CFP AAG 2016: New geographies of war

Call for papers: American Association of Geographers Annual Meeting, San Francisco, California, 29 March – 2 April, 2016

Session title: New geographies of war

Organizers: Steven Radil, University of Idaho; Olivier Walther, University of Southern Denmark

Session description: Recent scholarship claims that the phenomenon of war is waning (Pinker 2011). These claims stand in stark contrast to the growing ‘new war’ literature that posits emergent forms of war that involve a variety of new political actors (Kaldor 2012) and, presumably, new spatial arrangements of political power and geopolitical imaginaries. Geographers have played an important role in some debates about war by clarifying the constructed spatial economies of war (Le Billion 2001); drawing attention to the biopolitics of war (Hyndman 2012); showing how war is central to the construction of everyday places and spaces far away from battle zones (Graham 2006); and exploring how geographic technology is implicated in the production of some types of war (Beck 2003). Although geographers have had less to say about the possibly changing nature of war itself, geographic scholarship has much to offer the ‘new war’ debates.
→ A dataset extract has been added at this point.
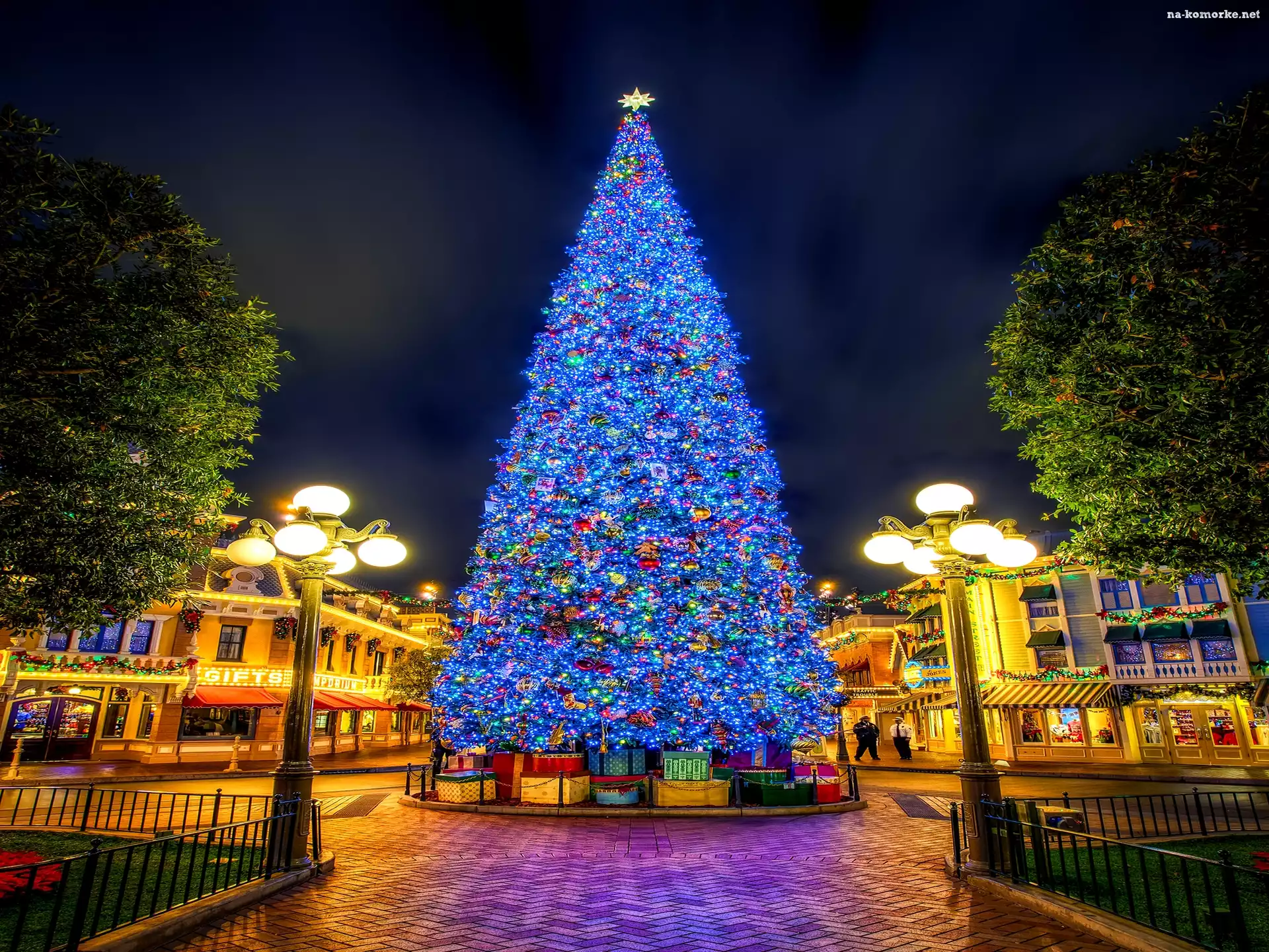 Boże Narodzenie, Budynki, Choinka, Oświetlenie na Komórkę
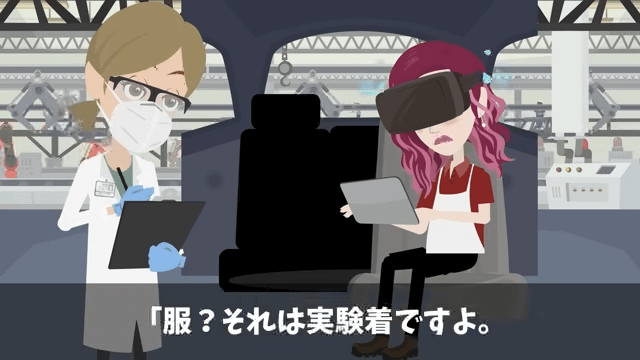 研究員が「吐いても構いませんが、手は止めないでください」と言うと、女性社員は「いやあああ!私のお気に入りの服がぁ!」と悲鳴を上げました。 すると研究員は、女性社員の着ている服が実験着であることを伝えて…。

We envision a session that brings together recent geographic scholarship on war that explores themes such as:

Geographic approaches to the ‘new war’ hypothesis

New spatialities of political power

Emergent transnational political networks and movements

Innovative geographic methodologies to the study of war

Contextual approaches to recent civil wars and insurgencies

Contagion effects of war

New dimensions to the normalization and pervasiveness of war

We invite papers on these or related topics. Please send proposed titles and abstracts (250 words or less) and/or expressions of interest to both Steven Radil (sradil@uidaho.edu) and Olivier Walther (ow@sam.sdu.dk) no later than 15 October, 2015.

Sponsored by the Political Geography Specialty Group.

References:

Beck, R. A. (2003). Remote sensing and GIS as counterterrorism tools in the Afghanistan war: A case study of the Zhawar Kili region. The Professional Geographer, 55(2), 170-179.

Graham, S. (2006). Cities and the ‘War on Terror’. International Journal of Urban and Regional Research, 30(2), 255-276.

Hyndman, J. (2012). The geopolitics of migration and mobility. Geopolitics, 17(2), 243-255.

Kaldor, M. (2012). New and old wars: Organized violence in a global era. 3rd Ed. Malden, MA: Polity.

Le Billon, P. (2001). The political ecology of war: natural resources and armed conflicts. Political Geography, 20(5), 561-584.

Pinker, S. (2011). The better angels of our nature: Why violence has declined. New York: Viking.